Hasil gambar untuk mukhamad misbakhun
Andi Arif, Wakil Sekretaris Jenderal Partai Demokrat kali ini membuat pernyataan yang menyebutkan bahwa anggota DPR RI Mukhammad Misbakhun adalah orang dibalik artikel media asing, Asia Sentinel. Andi Arief membuat pernyataan itu dalam cuitannya di twitter.

"Kasus century diulang-ulang. Tanya sama mantan napi kasus century Misbakhun yang paham soal century, karena dia dan perusahaannya yang menjadi pelaku," kata Andi dalam akun Twitternya, @AndiArief.

Artikel itu ditulis oleh John Berthelsen yang juga merupakan pendiri Asia Sentinel. Dalam artikel ini, terkuak hasil investigasi pencucian uang yang terjadi pada masa Pemerintahan Susilo Bambang Yudhoyono (SBY) oleh Bank Century.

Dituduh tanpa adanya bukti, Misbakhun langsung membatah karena menurutnya tidak ada bukti sama sekali dan juga menurut Misbakhun, Andi Arief selalu menuduh tanpa adanya bukti.

"Soal tuduhan yang disampaikan silakan tanya ke Mas Andi Arief lagi. Kan dia yang melempar isu itu. Silahkan dia yang membuktikan. Selama ini kan dia sukanya menuduh tanpa bukti. Bicara soal Jenderal Kardus, bicara soal mahar politik semua isu yang dia lemparkan lenyap begitu saja tanpa bukti," kata Misbakhun dalam keterangan yang diterima Akurat.Co, Kamis (13/9).

Menurut politisi Partai Golkar ini, John Berthelsen tidak hanya menulis artikel tentang skandal Century, tetapi juga menulis artikel skandal besar di negara lainnya, karena fokusnya hanya pada skandal-skandal besar di negara lain. 

"Perihal tulisan di Asia Sentinel itu juga tidak sepenuhnya baru, karena sudah menjadi temuan audit investigasi BPK dan Pansus Angket DPR 2009-2014. Semua juga sudah terpublikasi," pungkasnya.

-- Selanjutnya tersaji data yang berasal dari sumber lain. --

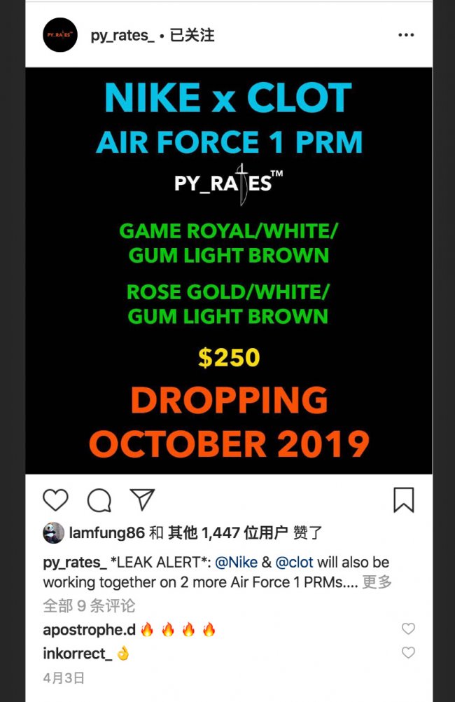 因为商业计划的执行是有时间的,也有一定的「惯性」,这双 CLOT x AF1 采用了同样的规格和设计,应该是之前就已经设计好,并且列入发售计划的。
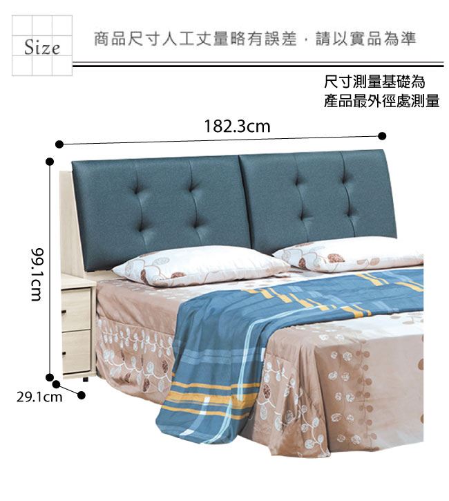 床頭箱尺寸:(寬)182.3x(深)29.1(高)99.1/公分 ◆材質: 材質:防蛀木心板+防刮貓抓皮革+高密度泡棉 噴漆:防潮耐磨噴漆處理
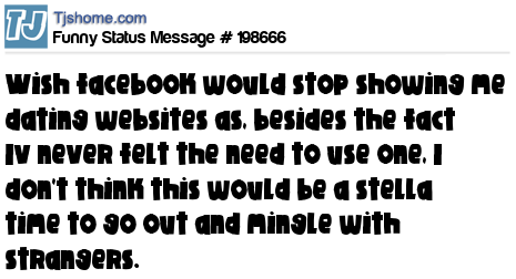 X is Wish facebook would stop showing me dating websites as, besides the fact Iv never felt the need to use one, I don't think this would be a stella time to go out and mingle with strangers.
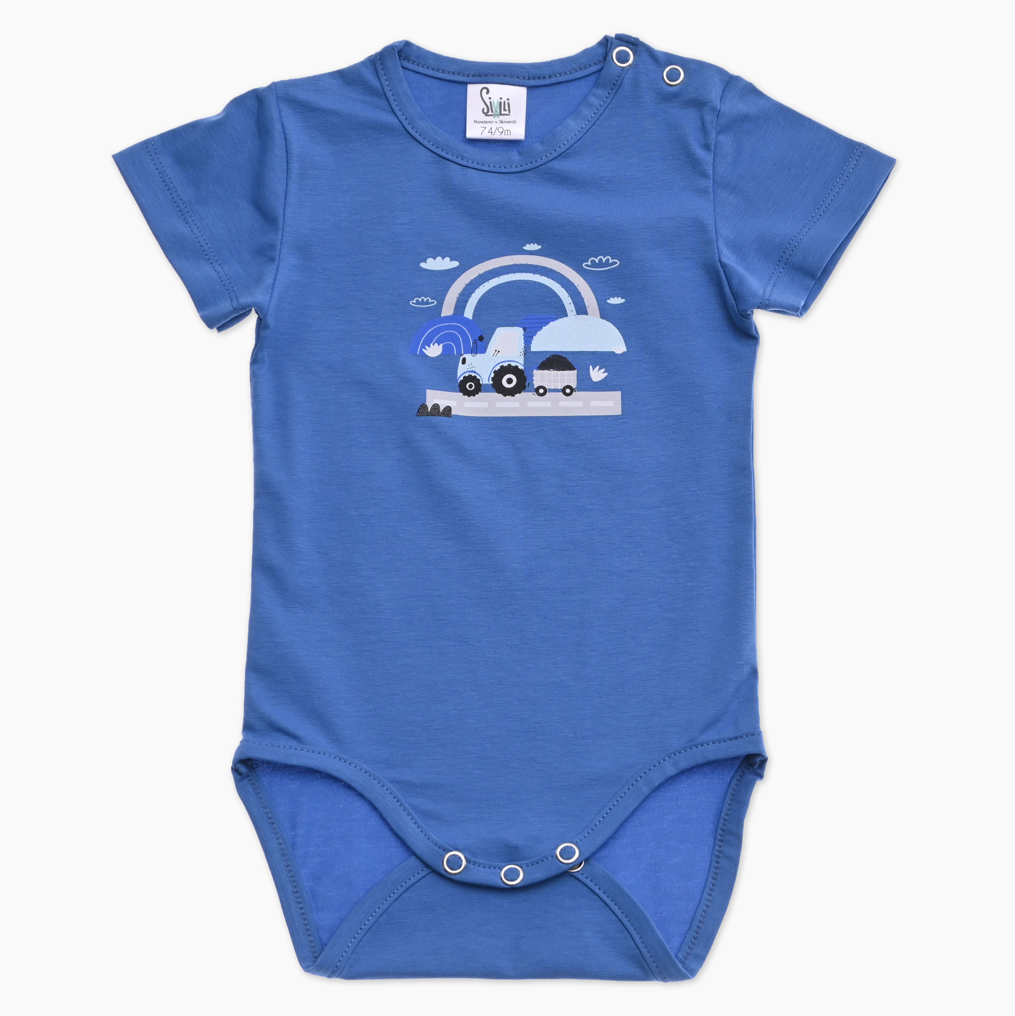Otroški bodi za fanta v modri barvi s tiskom traktorja pod mavrico. Narejeno v Sloveniji

Misbakhun juga kembali menegaskan bahwa dirinya tidak punya kekuasaan sama sekali untuk menggerakkan media asing seperti yang dituduhkan oleh Wasekjen Demokrat itu.

"Memangnya saya ini siapa kok sampai dianggap bisa menggerakkan media asing untuk menulis soal Century," ucapnya.

Soal mengaitkan kasus Century dengan dirinya, bekas politikus PKS itu menegaskan bahwa jelas ia sama sekali tidak terkait dengan kasus Century sesuai hasil putusan pada tingkat Peninjauan Kembali (PK) Mahkamah Agung.

"Saya bebas murni pada tahun 2012. Di putusan PK tersebut, sangat jelas dibatalkan semua putusan Pengadilan Negeri, Pengadilan Tinggi dan Kasasi sehingga semua putusan yang menghukum saya dibatalkan dan nama baik saya sudah direhabilitasi lewat putusan pengadilan tingkat PK tersebut," jelasnya.